There's also a second woman Kara, who unfortunately suffers from a common affliction for female characters in horror films; she is compelled to act completely irrational and be a major fuckwit.

The film starts with Sai being introduced to a "creepy" German traveler (Jonathan Oldham) who loves "the darkness and lust" of her art. Its hard not to laugh at Oldham's performance, in which he is obviously attempting to match the accent and inflection of Hannibal Lector. It doesn't help that he delivers the lamest and most purplish lines I think I've witnessed from a villain in quite some time. This is pretty sad, actually, because Oldham shows glimpses of impressive acting, and his performance improves later in the film. It seems likely that his actual talent is blunted by the piss-poor directing and writing.

Anyway, he buys some of her art, and gives her some tree bark that he says will trip her out hardcore (or "deliver her to a land of dark mystery" or whatever) and make her an even better artist. To use it, one is supposed to heat up the bark's sap in a spoon like its fucking smack or something and then freebase it. What mystique!

Unfortunately, the stuff, "Stregohe," is not only addictive but it slowly turns Sai into a morbid lust vampire. Then some more stuff that doesn't make much sense and is never explained happens, and we learn that Renfield, the Hannibal impersonator, is actually some kind of vampire who needs to get people drugged up in order to call forth a demon, I guess. It really doesn't make much sense and the end, accordingly, doesn't tie anything up.

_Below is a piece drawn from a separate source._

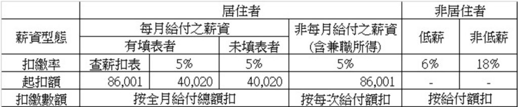 - 居住者 (Resident): 按「薪資扣繳稅額表」查表扣,或是固定扣 5%(外商通常選 5%)。

This is one of the least scary movies I've seen that purports to be a thriller or a horror film or whatever its supposed to be. Instead of building suspense, it builds boredom and confusion. The demon (which makes its first appearance two minutes into the film) is laughably hokey -- they could have stood to put more money into make-up effects than on fancy camera filters. At least then they would have had something in the movie that was genuinely scary.

If you have a big crush on Sarah Farooqui you might have a reason to watch this, otherwise I recommend avoiding it like you would bark-acid given to you by a lame ass dude trying way too hard to sound creepy. Just say no!